Making movies is not an exact science, especially when working in the independent realm. “As happens with independent film, you have to raise money and do what you can and then raise more money. So, we put it on the festival circuit. It had its world premiere in Jaipur, India, where it won some awards; it’s played in Turkey and Morocco. Now, it’s come to America. It’s been picked up for distribution by Vision Films, and it’s been great.”
So what is Tango Shalom? “It’s a low-budget movie, and it’s the story of a married Hasidic rabbi who believes he’s heard the word of God and God has told him to alleviate his financial difficulties and learn to dance the tango.

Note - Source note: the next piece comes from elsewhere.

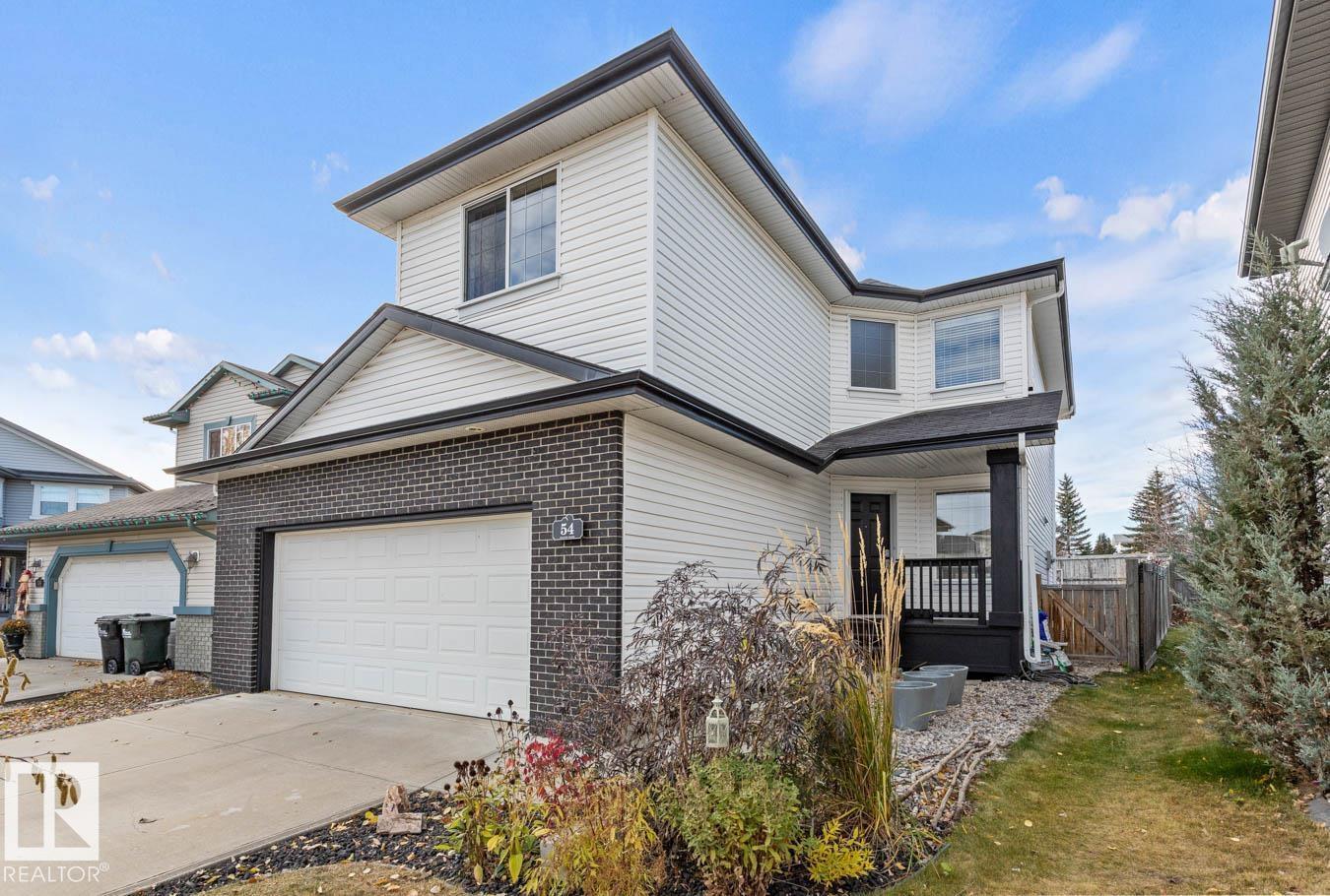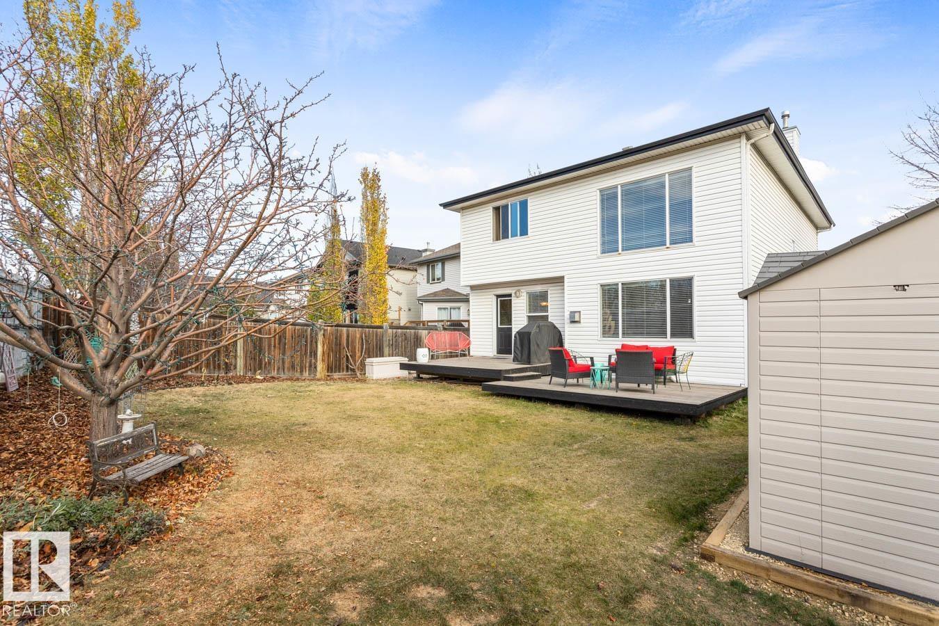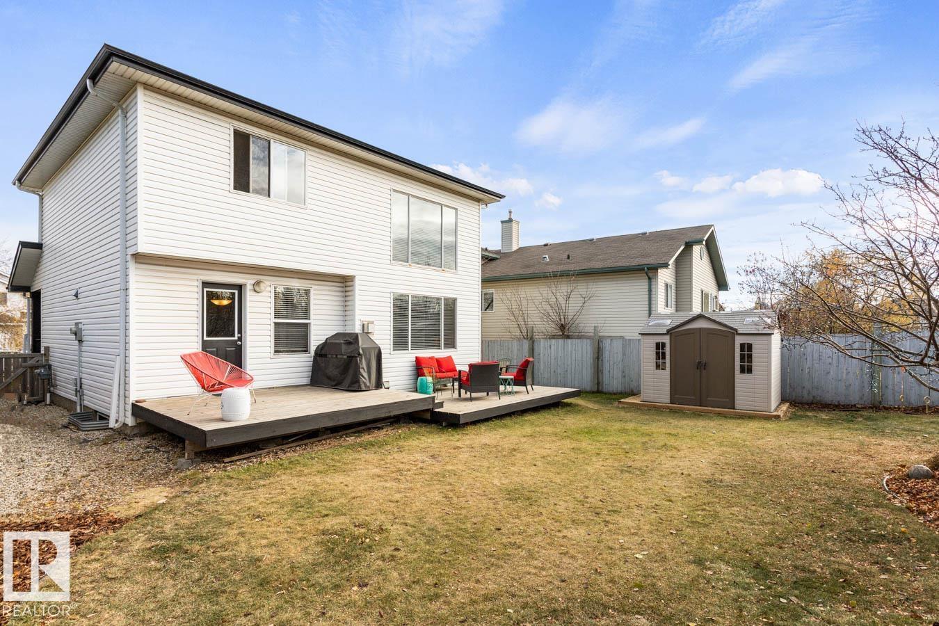 Located in the desirable community of Heritage Hills, this well-maintained home offers 3 bedrooms, 2.5 baths, and a NEW ROOF. Step inside to a bright, functional floor plan featuring luxury vinyl plank flooring and an abundance of natural light. The kitchen showcases plenty of white cabinetry, stainless steel appliances, a corner pantry, and island overlooking the dining area with cozy fireplace and a family-sized living room with soaring two-storey ceilings. Upstairs, the king-sized primary suite features dual closets and a private ensuite. Two additional generous bedrooms, a 4-pc main bath, and convenient upper-floor laundry complete the level. The unfinished basement provides excellent potential for a rec room or additional bedrooms & bathroom with RI plumbing. Enjoy the west-facing, fully fenced and landscaped yard with entertaining-sized deck and storage shed. Fantastic location close to parks, schools, Heritage Hills Dog Park, wetlands trails, and all amenities. (33784800)
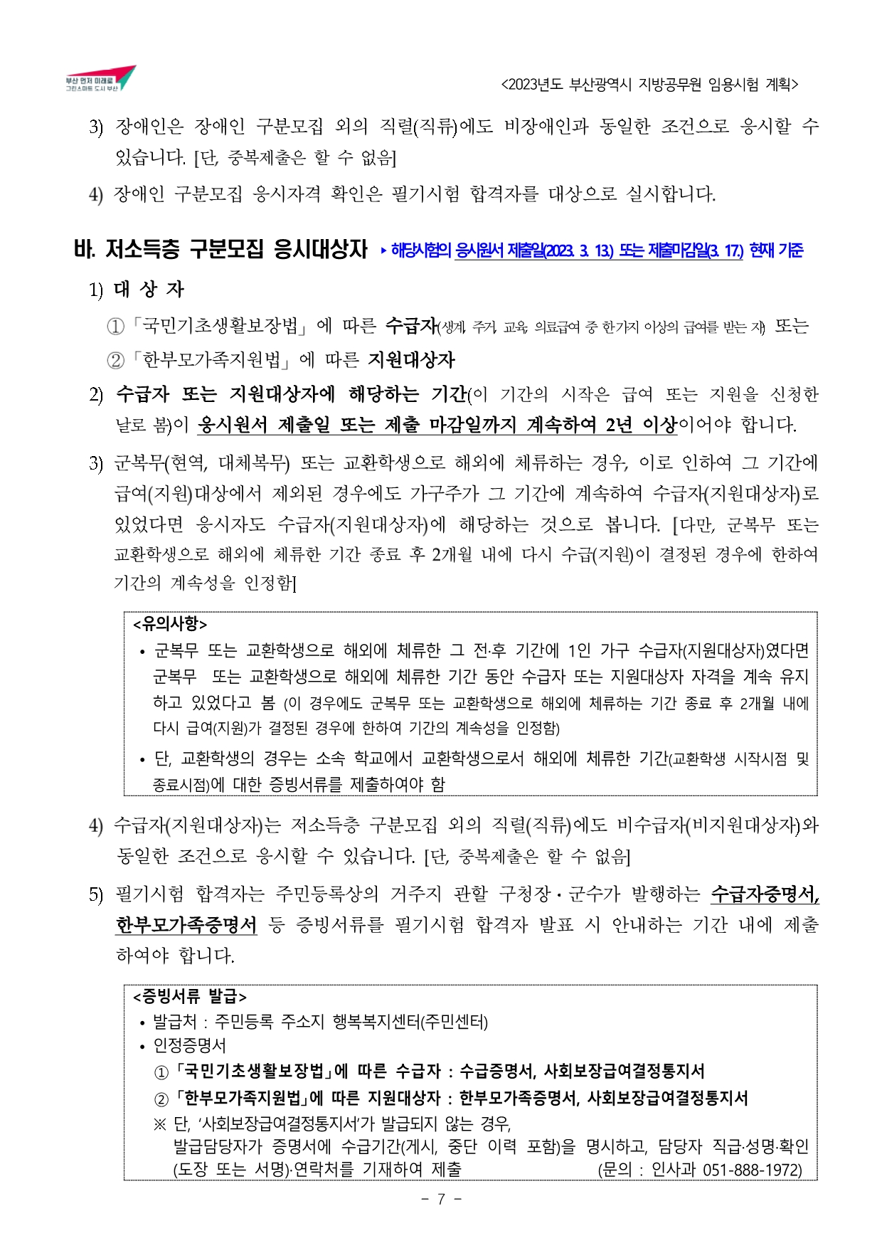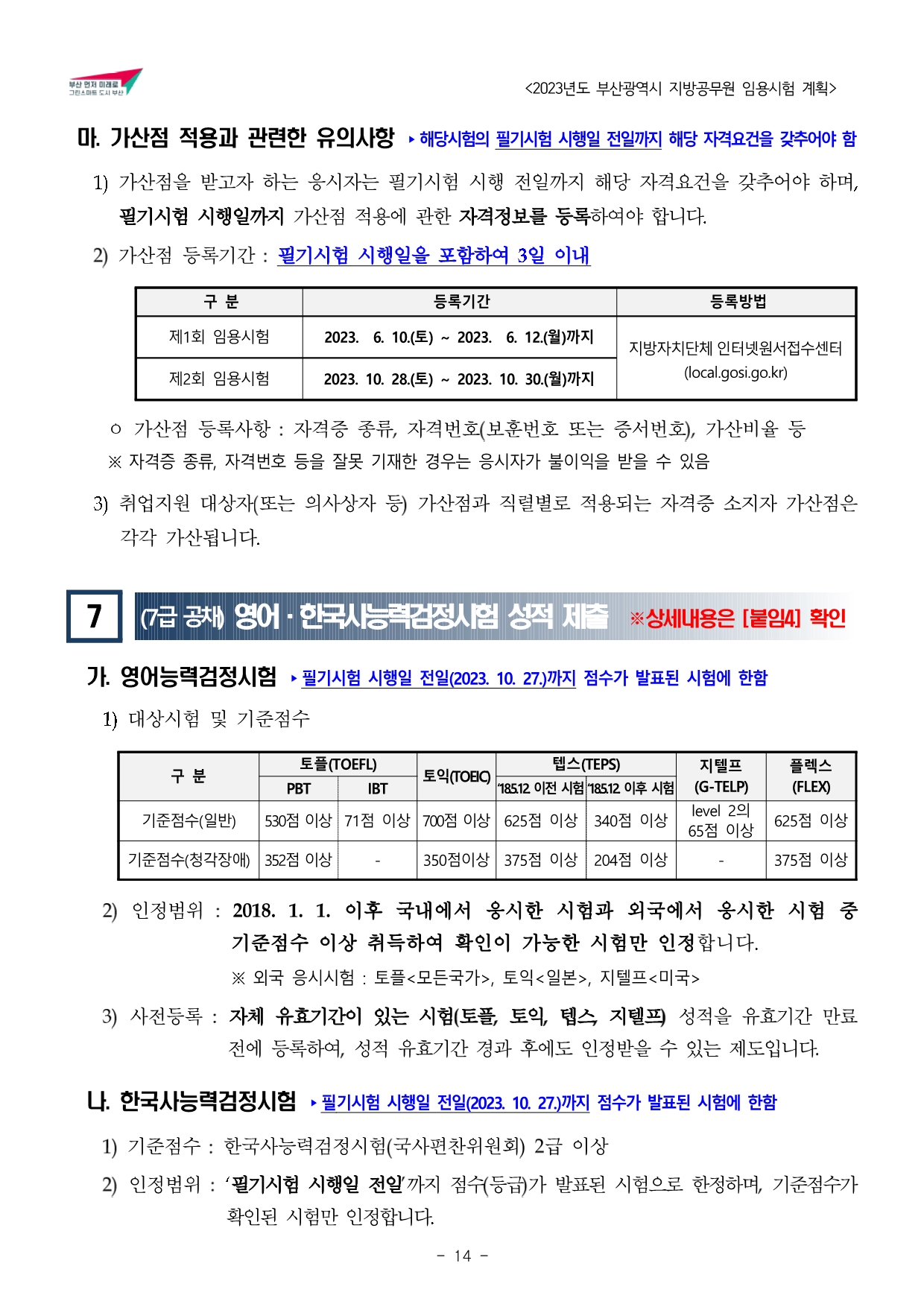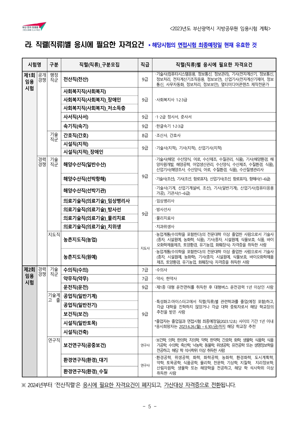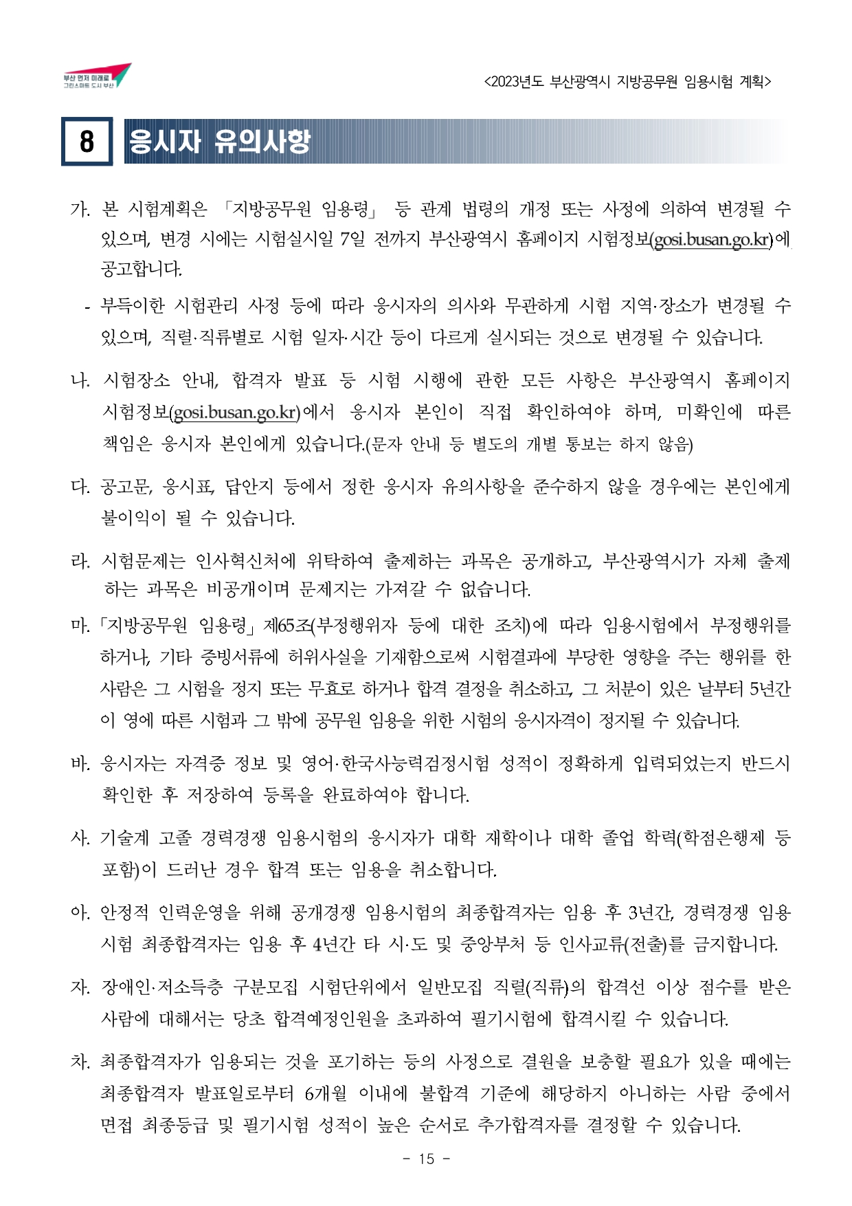 2023년도 부산광역시 지방공무원 임용시험 계획 공고문(게시).hwp

Being that he’s a Hasidic rabbi, he’s not allowed to touch another woman other than his wife, but she doesn’t know how to tango.”
“He ends up coming across a young, sexy tango instructor,” Robert explains. “He has to figure out a way that she can help him achieve his goal of learning the tango and perhaps using that to alleviate his financial problems.:
“Tango Shalom gets a limited theatrical release on September 3rd in New York and LA; hopefully, it’ll expand, and then it goes to VOD at the end of October.”
YouTube
Three decades of working in the film and television industry and counting, how did YouTube become part of Robert’s creative endeavors? “In 2015, a friend of mine named John Schnepp, who passed away three years ago, was doing a show with John Campea on AMC, and then it moved to Collider. He asked me if I wanted to be a guest one day. Then, he kept inviting me back, and I became a series regular. We did it for three and a half years until he passed away. He was always telling me, ‘You should start your own channel.’
Robert had doubts about doing it on his own. “I said, ‘really?’ I’m kind of old, and do I want to get in on YouTube? He said, ‘You’ve already been doing it for three years.’ My girlfriend bought me a microphone and said, ‘It’s time.'”
“I didn’t know what I was going to do,” he explains of his approaching streaming life. “So, I talked about my industry experience and not review movies but talk about them and what I liked. I started regularly in late 2018 and all through the pandemic, and here I am, over a thousand episodes.”
Robert credits YouTube with doing something quite profound. “YouTube got me more in touch with my filmmaking and the audience. It re-ignited my passion for filmmaking because so many times you can get beat down by the industry.”
“Usually, since I do a morning show with John Campea about news, doing that and opining on the news of the day is not what I want to discuss,” he says about his approach to his show. “I like to talk about things philosophically and from a business perspective about what it all means. That’s kind of where I’m always coming from. We like all this stuff, but what does it mean in the larger context?”
Robert never thought he’d be discussing the industry on YouTube. “But I like the industry, I like the way that it works, and I like making films. I’m a big fan of all this stuff, so the YouTube channel was a natural extension.”